THE RECORDS:
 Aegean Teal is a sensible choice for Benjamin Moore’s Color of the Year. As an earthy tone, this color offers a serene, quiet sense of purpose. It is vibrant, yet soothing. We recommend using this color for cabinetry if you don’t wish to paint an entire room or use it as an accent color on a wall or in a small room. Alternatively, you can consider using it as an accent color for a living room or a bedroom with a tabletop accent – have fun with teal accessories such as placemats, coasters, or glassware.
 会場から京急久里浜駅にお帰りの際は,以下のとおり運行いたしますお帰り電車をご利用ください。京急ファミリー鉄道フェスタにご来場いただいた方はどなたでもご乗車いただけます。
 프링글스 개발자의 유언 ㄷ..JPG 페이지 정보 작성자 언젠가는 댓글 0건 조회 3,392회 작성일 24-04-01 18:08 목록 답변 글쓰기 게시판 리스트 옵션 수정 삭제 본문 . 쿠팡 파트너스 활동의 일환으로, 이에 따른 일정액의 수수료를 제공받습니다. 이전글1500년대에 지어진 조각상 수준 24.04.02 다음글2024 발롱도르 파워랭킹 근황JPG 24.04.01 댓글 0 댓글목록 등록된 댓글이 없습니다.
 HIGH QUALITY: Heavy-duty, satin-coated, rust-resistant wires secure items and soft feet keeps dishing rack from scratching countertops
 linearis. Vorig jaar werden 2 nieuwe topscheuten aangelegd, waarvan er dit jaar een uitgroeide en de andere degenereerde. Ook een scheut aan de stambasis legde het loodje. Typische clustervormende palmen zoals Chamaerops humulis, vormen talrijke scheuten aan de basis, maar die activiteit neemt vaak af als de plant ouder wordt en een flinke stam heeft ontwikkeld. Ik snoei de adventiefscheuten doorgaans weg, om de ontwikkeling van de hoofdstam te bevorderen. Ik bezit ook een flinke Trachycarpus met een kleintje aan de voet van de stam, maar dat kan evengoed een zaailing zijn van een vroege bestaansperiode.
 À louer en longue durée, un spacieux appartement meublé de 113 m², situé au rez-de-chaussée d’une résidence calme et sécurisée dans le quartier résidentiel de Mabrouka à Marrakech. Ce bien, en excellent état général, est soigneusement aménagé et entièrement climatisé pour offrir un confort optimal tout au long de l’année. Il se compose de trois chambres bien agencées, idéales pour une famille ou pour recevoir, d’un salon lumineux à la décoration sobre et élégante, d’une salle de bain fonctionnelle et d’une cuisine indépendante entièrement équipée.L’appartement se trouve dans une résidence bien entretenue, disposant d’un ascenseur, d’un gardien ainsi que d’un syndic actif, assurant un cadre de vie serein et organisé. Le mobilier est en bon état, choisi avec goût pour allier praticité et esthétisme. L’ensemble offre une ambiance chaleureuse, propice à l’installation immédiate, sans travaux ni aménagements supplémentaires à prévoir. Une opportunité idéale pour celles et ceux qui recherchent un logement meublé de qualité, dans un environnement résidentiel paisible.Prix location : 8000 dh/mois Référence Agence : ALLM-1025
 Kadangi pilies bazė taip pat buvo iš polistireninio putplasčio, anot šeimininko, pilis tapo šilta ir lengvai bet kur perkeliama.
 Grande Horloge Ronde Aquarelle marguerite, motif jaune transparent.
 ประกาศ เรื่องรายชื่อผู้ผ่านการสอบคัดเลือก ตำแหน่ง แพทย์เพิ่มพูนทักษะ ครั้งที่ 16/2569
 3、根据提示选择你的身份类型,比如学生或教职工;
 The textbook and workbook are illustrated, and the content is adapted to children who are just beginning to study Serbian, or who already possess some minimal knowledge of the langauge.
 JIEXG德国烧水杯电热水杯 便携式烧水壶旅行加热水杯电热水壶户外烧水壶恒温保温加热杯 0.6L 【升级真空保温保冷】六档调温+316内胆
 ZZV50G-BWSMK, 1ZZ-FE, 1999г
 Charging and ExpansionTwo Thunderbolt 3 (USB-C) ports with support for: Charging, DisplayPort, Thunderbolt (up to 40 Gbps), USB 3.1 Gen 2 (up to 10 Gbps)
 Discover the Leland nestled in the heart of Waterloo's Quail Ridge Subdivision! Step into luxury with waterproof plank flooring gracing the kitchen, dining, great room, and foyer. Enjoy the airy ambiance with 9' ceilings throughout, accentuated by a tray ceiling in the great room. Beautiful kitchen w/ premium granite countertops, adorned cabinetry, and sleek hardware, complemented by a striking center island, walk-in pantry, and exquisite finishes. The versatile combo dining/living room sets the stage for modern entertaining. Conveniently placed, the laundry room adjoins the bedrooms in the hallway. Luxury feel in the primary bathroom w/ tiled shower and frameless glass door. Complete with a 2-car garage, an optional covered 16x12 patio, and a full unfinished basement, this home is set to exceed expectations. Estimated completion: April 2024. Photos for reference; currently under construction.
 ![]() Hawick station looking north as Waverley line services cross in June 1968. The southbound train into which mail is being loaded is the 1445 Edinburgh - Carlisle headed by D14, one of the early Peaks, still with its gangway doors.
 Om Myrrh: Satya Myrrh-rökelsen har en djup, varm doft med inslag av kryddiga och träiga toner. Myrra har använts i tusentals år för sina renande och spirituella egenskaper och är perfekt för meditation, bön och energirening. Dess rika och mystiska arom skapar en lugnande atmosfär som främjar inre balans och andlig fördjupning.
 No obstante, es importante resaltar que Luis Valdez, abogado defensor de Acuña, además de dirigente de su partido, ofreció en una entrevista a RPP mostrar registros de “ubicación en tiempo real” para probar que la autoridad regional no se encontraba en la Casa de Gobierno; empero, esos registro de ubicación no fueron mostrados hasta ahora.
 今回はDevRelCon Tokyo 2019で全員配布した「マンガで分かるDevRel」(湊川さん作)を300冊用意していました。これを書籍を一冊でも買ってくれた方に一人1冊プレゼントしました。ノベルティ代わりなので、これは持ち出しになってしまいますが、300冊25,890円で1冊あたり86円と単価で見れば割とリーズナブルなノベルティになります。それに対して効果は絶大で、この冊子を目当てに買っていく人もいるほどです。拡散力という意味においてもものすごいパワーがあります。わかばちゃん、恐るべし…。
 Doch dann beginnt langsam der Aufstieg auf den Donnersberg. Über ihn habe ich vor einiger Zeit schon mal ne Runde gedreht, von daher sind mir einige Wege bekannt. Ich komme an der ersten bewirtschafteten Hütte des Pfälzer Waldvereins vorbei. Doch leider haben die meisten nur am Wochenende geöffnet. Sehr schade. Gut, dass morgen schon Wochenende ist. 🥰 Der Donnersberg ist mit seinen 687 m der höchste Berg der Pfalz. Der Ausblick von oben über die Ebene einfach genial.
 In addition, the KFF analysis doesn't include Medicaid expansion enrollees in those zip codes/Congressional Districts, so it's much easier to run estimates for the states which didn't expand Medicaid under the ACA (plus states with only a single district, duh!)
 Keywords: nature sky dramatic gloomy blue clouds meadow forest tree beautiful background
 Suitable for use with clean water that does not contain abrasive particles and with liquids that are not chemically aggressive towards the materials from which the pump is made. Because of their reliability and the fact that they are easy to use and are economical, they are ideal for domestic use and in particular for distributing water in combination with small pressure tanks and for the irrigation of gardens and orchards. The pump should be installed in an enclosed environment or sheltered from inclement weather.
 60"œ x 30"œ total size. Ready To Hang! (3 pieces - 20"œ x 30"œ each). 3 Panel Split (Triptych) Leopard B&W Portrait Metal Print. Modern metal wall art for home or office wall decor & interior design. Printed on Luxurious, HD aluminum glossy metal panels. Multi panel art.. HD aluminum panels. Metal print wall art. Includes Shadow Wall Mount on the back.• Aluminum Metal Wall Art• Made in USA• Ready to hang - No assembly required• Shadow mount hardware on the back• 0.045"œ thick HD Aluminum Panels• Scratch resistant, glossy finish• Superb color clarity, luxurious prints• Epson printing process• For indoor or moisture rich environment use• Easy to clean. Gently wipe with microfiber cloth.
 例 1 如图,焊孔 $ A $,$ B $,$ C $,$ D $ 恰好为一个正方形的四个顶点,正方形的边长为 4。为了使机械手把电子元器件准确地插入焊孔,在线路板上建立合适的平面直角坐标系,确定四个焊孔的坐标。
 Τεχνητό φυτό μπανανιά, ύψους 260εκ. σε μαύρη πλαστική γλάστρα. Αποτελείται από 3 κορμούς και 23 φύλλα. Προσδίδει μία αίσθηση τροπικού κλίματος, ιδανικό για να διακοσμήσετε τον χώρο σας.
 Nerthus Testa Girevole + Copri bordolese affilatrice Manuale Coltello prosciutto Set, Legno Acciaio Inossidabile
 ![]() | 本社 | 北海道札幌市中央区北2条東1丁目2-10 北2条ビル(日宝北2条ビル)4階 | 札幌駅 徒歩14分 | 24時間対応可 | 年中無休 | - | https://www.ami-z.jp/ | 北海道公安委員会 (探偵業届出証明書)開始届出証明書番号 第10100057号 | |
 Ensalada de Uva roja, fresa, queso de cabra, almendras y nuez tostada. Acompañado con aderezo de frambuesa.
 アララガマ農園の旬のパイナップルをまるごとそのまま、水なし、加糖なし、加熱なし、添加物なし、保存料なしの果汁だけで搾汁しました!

ABOUT THIS TASK: The lines above, from the first through the one containing "HIGH QUALITY: Heavy-duty, satin-coated, rust-resistant", must be restated word for word, with nothing added.

WRITTEN ANSWER:
 Aegean Teal is a sensible choice for Benjamin Moore’s Color of the Year. As an earthy tone, this color offers a serene, quiet sense of purpose. It is vibrant, yet soothing. We recommend using this color for cabinetry if you don’t wish to paint an entire room or use it as an accent color on a wall or in a small room. Alternatively, you can consider using it as an accent color for a living room or a bedroom with a tabletop accent – have fun with teal accessories such as placemats, coasters, or glassware.
 会場から京急久里浜駅にお帰りの際は,以下のとおり運行いたしますお帰り電車をご利用ください。京急ファミリー鉄道フェスタにご来場いただいた方はどなたでもご乗車いただけます。
 프링글스 개발자의 유언 ㄷ..JPG 페이지 정보 작성자 언젠가는 댓글 0건 조회 3,392회 작성일 24-04-01 18:08 목록 답변 글쓰기 게시판 리스트 옵션 수정 삭제 본문 . 쿠팡 파트너스 활동의 일환으로, 이에 따른 일정액의 수수료를 제공받습니다. 이전글1500년대에 지어진 조각상 수준 24.04.02 다음글2024 발롱도르 파워랭킹 근황JPG 24.04.01 댓글 0 댓글목록 등록된 댓글이 없습니다.
 HIGH QUALITY: Heavy-duty, satin-coated, rust-resistant wires secure items and soft feet keeps dishing rack from scratching countertops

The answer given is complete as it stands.